The derivatives of 1,2,4- triazole have attracted great attention among medicinal chemists due to their wide range of biological activity, good pharmacodynamic and pharmacokinetic profiles, and low toxicity, that necessitates the development of various synthesis methods and a comprehensive study of their reaction mechanisms. A detailed investigation of possible pathways for formation of new spiro-condensed [1,2,4]triazolo[1,5-c]quinazolines, that combine two structural domains with different biological properties, was performed by computational study at the SMD/B3lyp/6-31+G(d) theory level. The mechanism of interaction between [2-(3-hetaryl-1,2,4-triazol-5-yl)phenyl]amine and cyclohexanone in methanol involves three main processes: formation of carbinolamine by addition of an amine to double bond C=O, elimination of a water molecule, and intramolecular cyclization leading to formation of spiro compounds. Results show increase in reactivity of reactants during acid-catalyzed reaction compared to uncatalyzed one. The nature of the heterocyclic substituent on the triazole ring has little effect on the reaction energy, while the mechanism is unchanged.

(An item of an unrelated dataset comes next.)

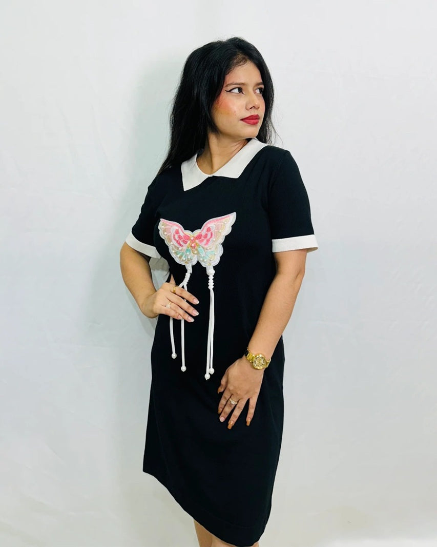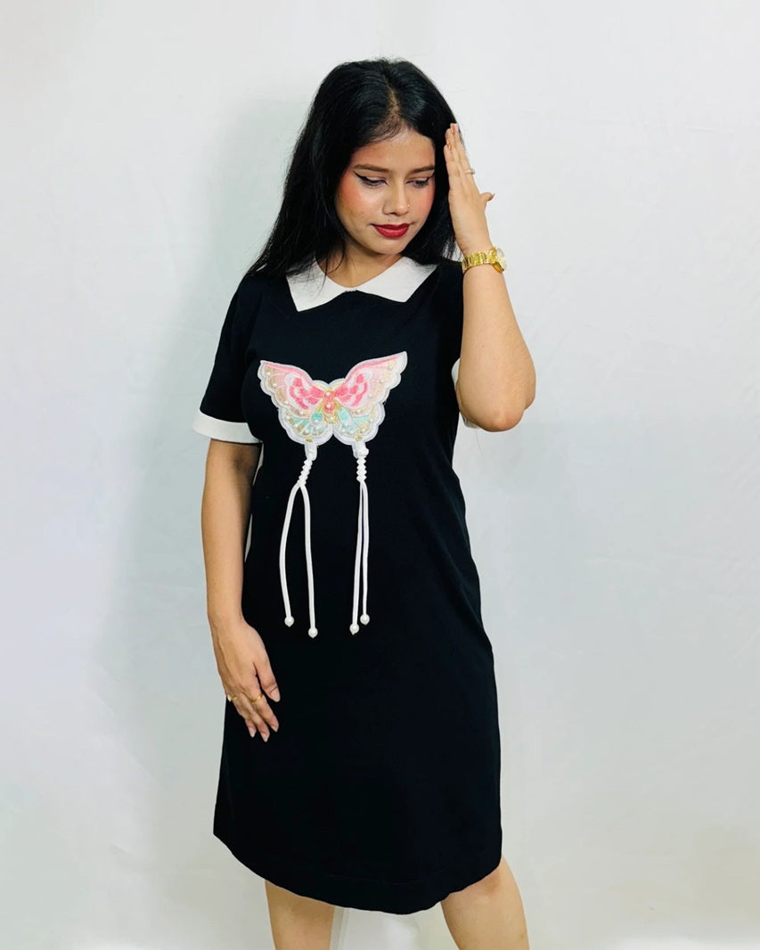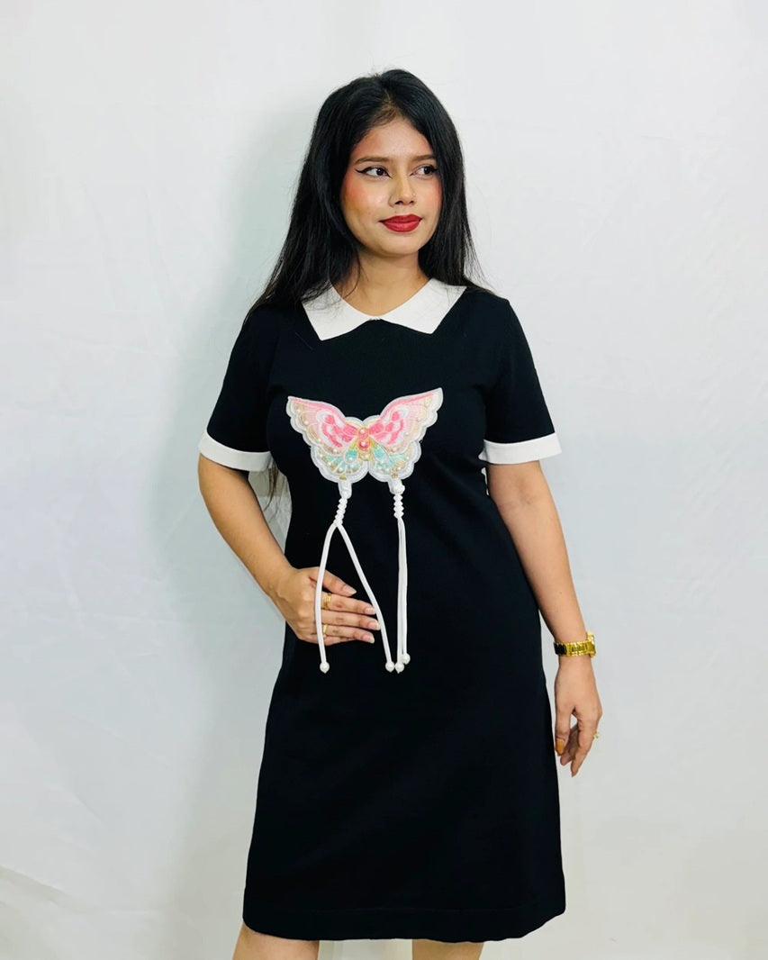 dd a touch of playful elegance to your wardrobe with this Black A-Line Dress featuring a beautifully embroidered butterfly applique at the front. The dress is crafted from a soft and breathable fabric that drapes perfectly for a flattering silhouette. The white Peter Pan collar and sleeve cuffs add a classic contrast, giving it a sophisticated and cute vibe.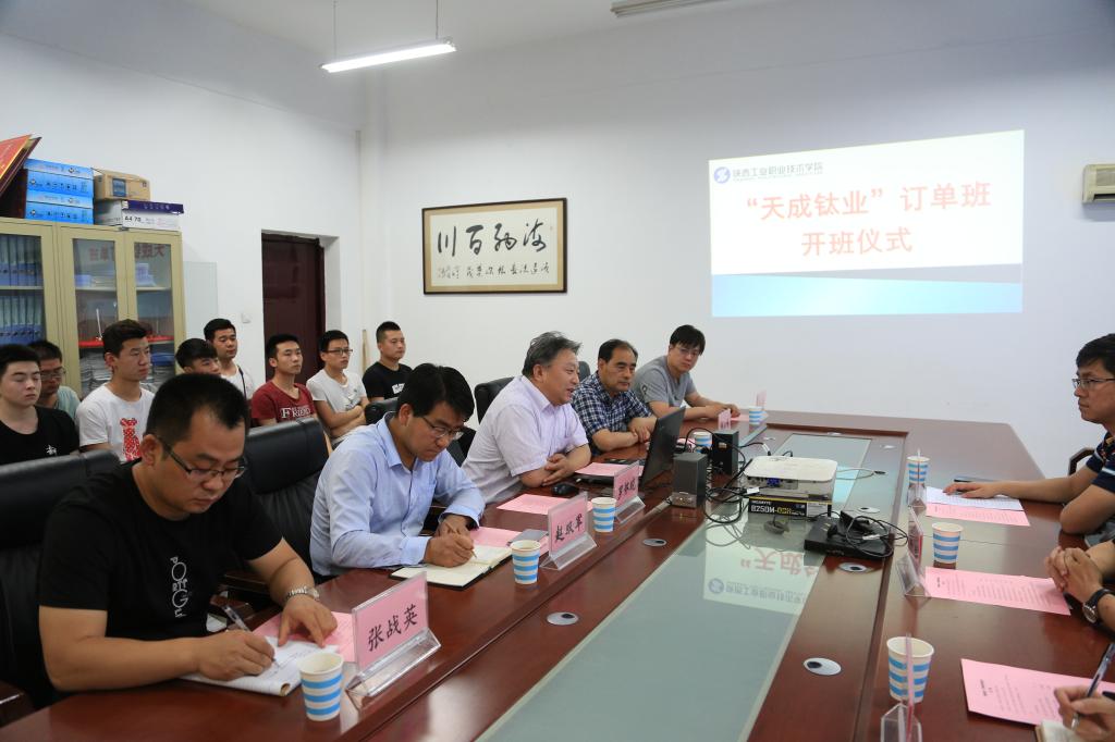 会上,材料学院院长罗怀晓向车伟总经理一行的到来表示欢迎,向加入订单班的同学们表示祝贺;希望入选订单班的同学们严格要求自己,在校企共同培养下,不断提高自己的技能水平和职业素养,快速融入企业,争取成为企业的优秀员工。咸阳天成钛业有限公司总经理车伟感谢学院对订单班的大力支持,向入选订单班的同学表示祝贺,并期待同学们再接再厉、勇于攀登、不断克服各种困难,早日成为公司的中坚人才。

1,2,4-三唑衍生物因其广泛的生物活性、良好的药效学和药代动力学特征以及低毒性而受到药物化学家的广泛关注，需要开发各种合成方法并对其进行全面研究。反应机制。 SMD/B3lyp 通过计算研究对新型螺缩合[1,2,4]三唑并[1,5-c]喹唑啉的形成可能途径进行了详细研究，该化合物结合了具有不同生物学特性的两个结构域/6-31+G(d)理论水平。 [2-(3-杂芳基-1,2,4-三唑-5-基)苯基]胺与环己酮在甲醇中的相互作用机制涉及三个主要过程： 通过胺与双键加成形成甲醇胺 C= O，消除水分子，分子内环化导致螺化合物的形成。结果表明，与非催化反应相比，酸催化反应过程中反应物的反应活性有所增加。三唑环上杂环取代基的性质对反应能量影响不大，但机理没有改变。